I'm personally trying this out at the moment, and having some incredible results (yes I myself am incredulous, despite seeing it before my very eyes). I'm working on a dirty shed floor with a range of nasty old dead batteries, this method will not fix a shorted or disintegrated cell, but with a battery that will take a charge and shows 12v it does seem to work.
With a four year old heavily sulphated 110AH from my solar battery bank, which will show a full charge in a matter of minutes, and when connected to load meter shows 12.5V, but immediately bottoms out to 0 when put under load. I have dumped out the acid, used distilled water to rinse out some of the lead particles ( plenty left in there, but who cares? this won't work anyway ). Refilled immediately with 1:15 solution of potassium aluminium sulphate. Voltage reads 12.4V. Put on charge until 14.4v, resting voltage 12.6V, load tested not great 100cca. Discharged down to 0V using DC filament type bulb. Recharged again to 14.4V, load tested at 400cca, placed into a Ford Capri with no fuel, and turned over strongly for over 2 minutes until no more crank. Recharged again to 14.4V, resting at 12.6 load tested at 700cca. Measured while under load with clamp meter 100Amps. Element glowing orange on the back for a few minutes, got bored, hooked up 500watt inverter with plug in energy meter and 350watt halogen bulb, came back a few hours later and inverter had low voltage shut down, energy meter had not saved any result, tested again with load tested, 500cca, glowing orange element. Recharged to 14.4V, resting 12.6V, load tested 900cca. I'm going to try hooking up a DC energy meter this week with the DC filament type bulbs and observe. If anyone has any testable explanation for this, let me know, I'm driven by curiosity and maybe a little want for a cheap battery bank. -
Well I've done two capacity tests to the best of my ability at the moment. I used a cheapo DC power meter and a couple of 12V spotlights which run at around 80watts when they have 12V available (this gradually went down as the battery power curve is very long, still giving good amps even at 6V.)

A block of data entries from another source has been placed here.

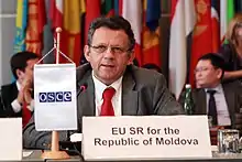 From 1997 till 2001, Mizsei was director of AIG Global Investment Group for Central and Eastern Europe. Between 2001 and 2006, Mizsei worked at UNDP as an assistant administrator and regional director in the rank of Assistant Secretary General of the United Nations.[2] From 2007 until 2011, he served as a special representative of the European Union to the Republic of Moldova. In 2014, Mizsei was appointed head of the EU Advisory Mission for Civilian Security Sector Reform Ukraine (EUAM Ukraine).[3][4] In 2019, he joined the European Union High Level Advisers' Mission to help the Moldovan government to strengthen its reintegration policy.[5]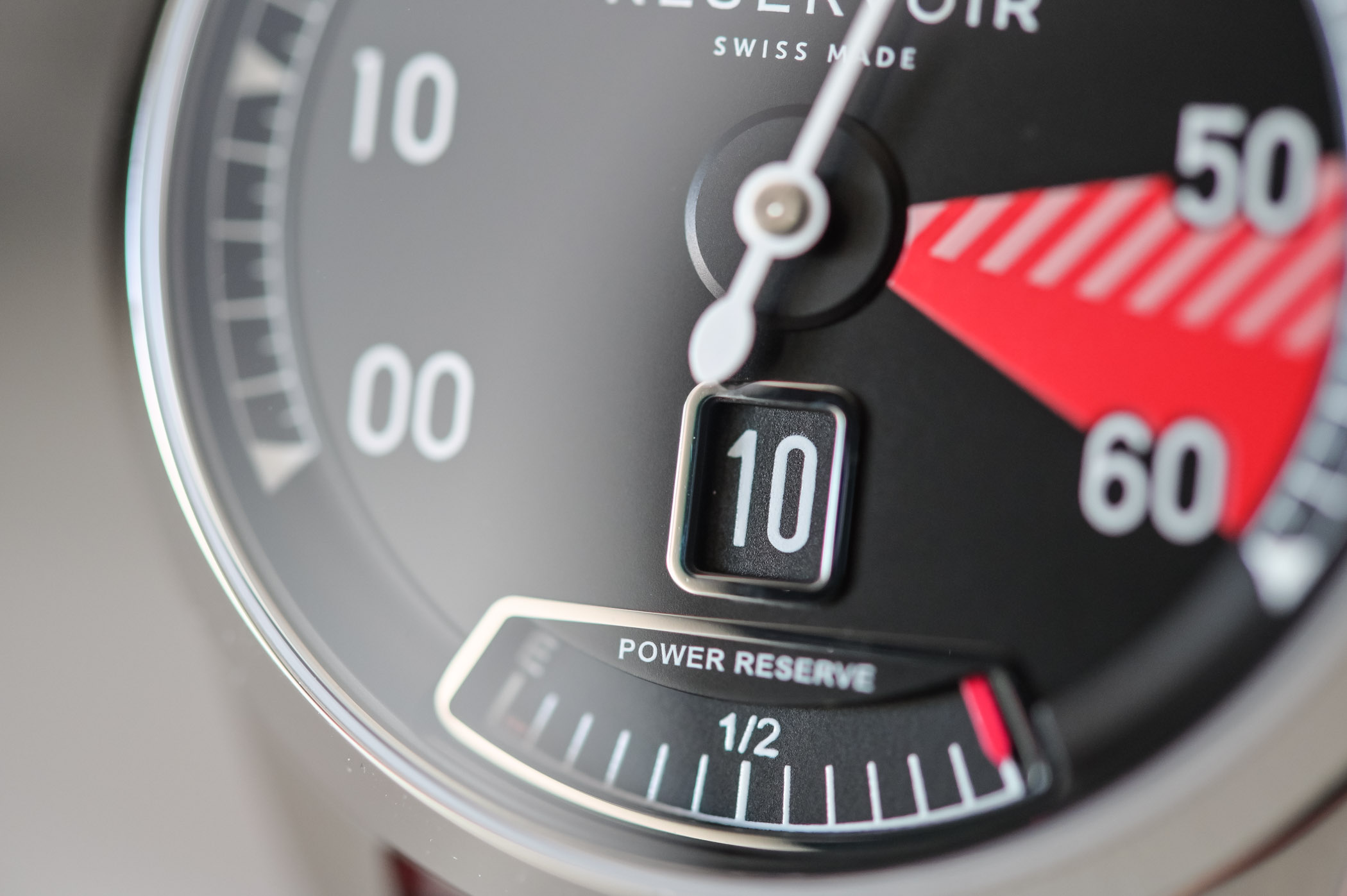 The Reservoir Supercharged Sport Red Zone II we are going hands-on with here is an edition that is inspired by retro racing design and analogue dashboard instruments of classic cars. Its black dial features a 10-minute red zone, reminiscent of red zone danger areas on rev counters. The power reserve is displayed via a large aperture on the lower part of the dial and echoes fuel or oil gauges with “E – ½ – F” inscriptions. The sloped retrograde minute indication, the applied logo and framed hour and power reserve display provide great depth to the dial. Naturally, the display is a bit unusual at first but it is cool and perfectly functional. All the indications contrast clearly against the black dial providing instant legibility.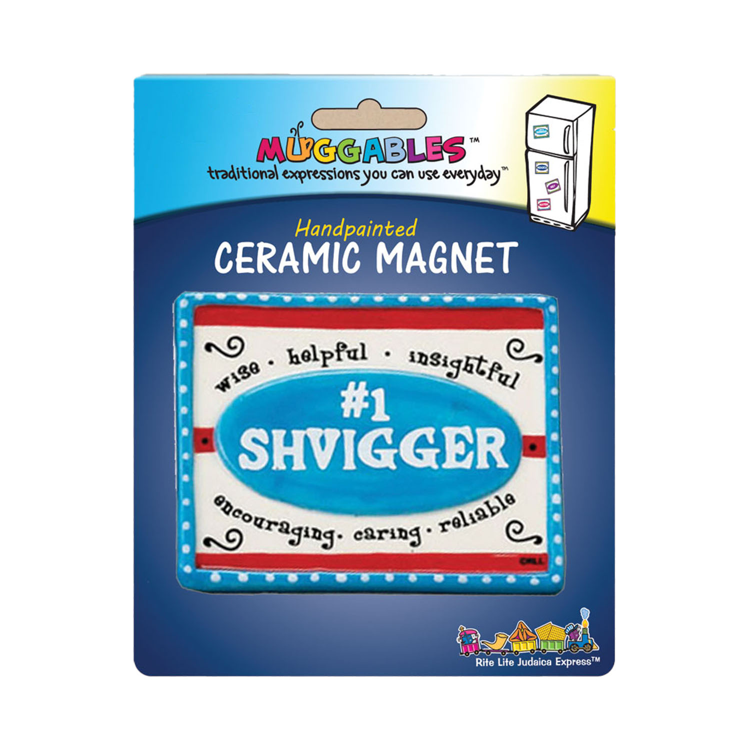 Der liebevoll gestaltete Keramikmagnet „Shvigger“ bringt mit einem Augenzwinkern jiddischen Charme in dein Zuhause. Das Wort „Shvigger“ bedeutet „schlaue, hilfsbereite und weise Person“ – die englische Übersetzung „Wise, helpful, insightful“ ist ebenfalls auf dem Magnet zu lesen.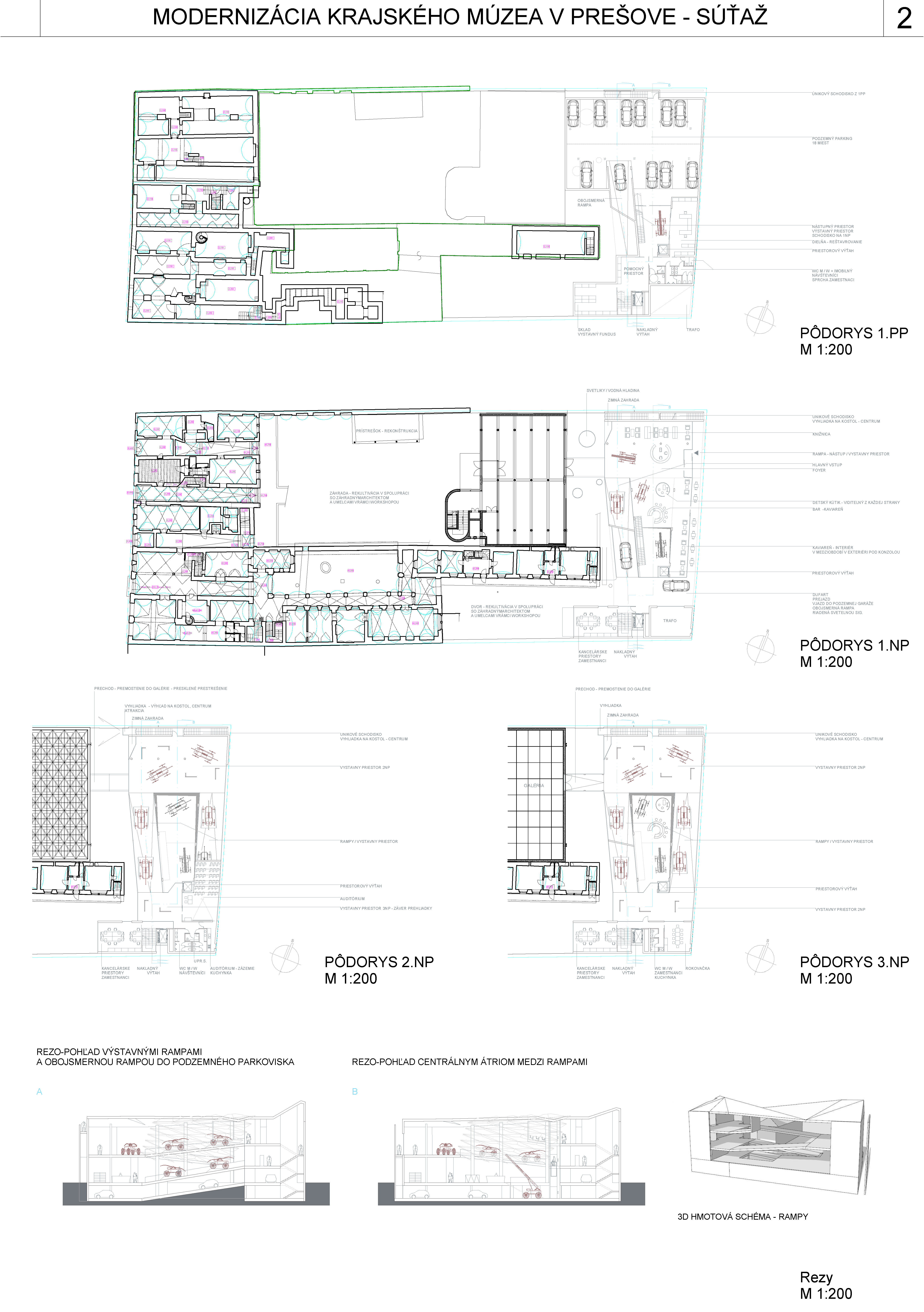 Návrh dodržal základné požiadavky na hmotové riešenie objektu a členenie fasády. Najlepším spôsobom rieši funkčné využitie parteru s prepojením na staršie objekty a dobre narába s vonkajšími priestormi múzea, ktoré diferencuje na rôzne priestory a zároveň umožňuje ich rôzne využitie. Vhodne a citlivo navrhuje dvorové priestory, umiestnenie kaviarne a posluchárne je vysoko efektívne a ponúka správne využitie pri zachovaní mierky. Dobrým spôsobom rieši vnútornú prevádzku múzea. Používa rovnaký princíp presvetlenia výstavných priestorov ako na existujúcej výstavnej hale, zároveň parafrázuje sedlovú strechu. Plocha fasády ponúka priestor pre vytvorenie „živej“ fasády. Návrh sebavedome a čisto pristupuje k riešeniu dvorov. Návrh sa úplne nevysporiadal s podmienkami KPÚ Prešov o štruktúrovanosti výrazu objektu do Slovenskej ulice.

As you can see, the voltage drops when a load is applied, more than a lead acid would. I came back to the have a look whenever I got the chance, and when the voltage dropped to around 6V, I disconnected one of the spotlights
So I should really have disconnected at this point , but didn't, and when I came back an hour later it was dead as a door nail (scientifically speaking 0V). And being an idiot, in my hurry to get a final from the blank display, I connected the charger backwards for 10 minutes !! Oops, so I thought I'd killed the power meter for good, as it wouldn't respond to anything. Anyway somehow started working again, and saved the result. So I reversed the meter and put the battery back on charge (yes, With the correct polarity this time) came back the next morning.
A full recovery, phew! Not a bad efficiency either. Ran the same test again, and the battery still seems to be improving
I missed the final count on this one, and the meter didn't save the result, but I think we can all assume it was Amazing!
But seriously, this is just me bumbling around in a dirty shed, trying this out, with a battery that had No life left in it at all, and now it does, and it'll start a 3.0L diesel no problem (by the way this is a leisure battery).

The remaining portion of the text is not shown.